A complex and difficult situation prevails in the province as far as teachers are concerned. Four major types of teachers who don’t perform their duties are spot on the education system. These teachers are those who enjoy political patronage, work in media as working journalists, are office bearers of teachers unions and close to them and lastly sacrifice a part of salary after negotiations with concerned authorities.

Sindh Education Information Management System (SEMIS) has developed a data base which covers information about students, teachers, schools, etc., but it doesn’t provide any information regarding place of posting of teachers. If this information is included in the data base then it will be easy for the government to keep track of them and force them to perform duties. Besides, education department should mobilise school management committees to monitor attendance and performance of these teachers.

During the address to parliament, the president said that making tough decisions is the responsibility of leadership. “We are not afraid to lead and we know the way. I expect a few tough decisions will be taken vis-à-vis education sector.” The sinking boat of education can be saved only through good governance. It has been learned that approximately 600 posts of grade 18 (both male and female) of education administration cadre are lying vacant in the education department.

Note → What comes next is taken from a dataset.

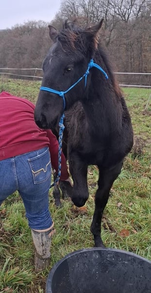 Drifts To The Future ist ein bildhübscher American Quarter Horse Hengstjährling, geboren am 05.06.2025. Er ist schwarz (black) mit nur wenigen Stichelhaaren an der Stirn und genetisch homozygot black sowie homozygot agouti. Die AQHA-Papiere sind beantragt, das zu erwartende Endmaß liegt bei ca. 162 cm. Der junge Hengst überzeugt durch ein korrektes Gebäude, eine sehr gute Entwicklung, ausgewogene Bemuskelung und starke Knochen. Midnight wird später auch größere Reiter problemlos abdecken können. Seine Grundgangarten sind gut und taktsicher, er lernt schnell und bringt ein ausgeglichenes, angenehmes Temperament mit. Charakterlich ist Midnight ein echtes Goldstück. Er ist sehr menschenbezogen, stets freundlich, ruhig und gelassen und meist der Erste, der einen am Weidetor begrüßt. Er möchte gefallen, ist sehr brav im Umgang und zeigt sich jederzeit kooperativ. Er wächst im Herdenverband auf, kennt das Fohlen-1x1, ist halfterführig und kennt sowohl Tierarzt als auch Hufschmied. Er ist gesund,regelmäßig entwurmt und 6-Panel n/n getestet. Abstammungsmäßig ist er etwas ganz Besonderes: Er ist der einzige Sohn von Drifts Chip in Europa und stammt aus der berühmten 6666 Ranch-Blutlinie, die weltweit für Vielseitigkeit, Leistungsbereitschaft und Rittigkeit bekannt ist. Damit ist er nicht nur für Freizeit und Turniersport, sondern auch für die Zucht hochinteressant. Ob als zukünftiges Showpferd, Sportpartner oder zuverlässiger Freizeitbegleiter - mit seinem Potenzial für verschiedene Disziplinen und seinem außergewöhnlich lieben Charakter ist Drifts To The Future ein echtes Versprechen für die Zukunft.
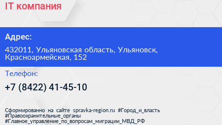 IT-компания по адресу 432011, Ульяновская область, Ульяновск, Красноармейская, 152 в дальнейшем Организация, размещена в следующих категориях:

Since 2002 no Sindh Public Service Commission examination has been held for recruitment of education officials. Presently, there are 16 out of 23 EDOs that are in lower grades (19 grades) but have been working at the post of grade 20. For last five years no promotions have been given to the officials. On annual basis the promotions should be done as per the rules but this is not happening. This situation clearly serves the agenda of the vested interest groups because lower grade officers working on higher grade posts shows higher level of compliance and obedience and being under pressure.

This practice must end as it doesn’t require huge financial resources and expert consultants. Furthermore, steps should be taken to ensure all recruitments and promotions are transparently based on merit and officers are empowered to resist any sort of illegal interference. Without these simple but tough decisions substantive and significant improvements cannot occur in the education sector.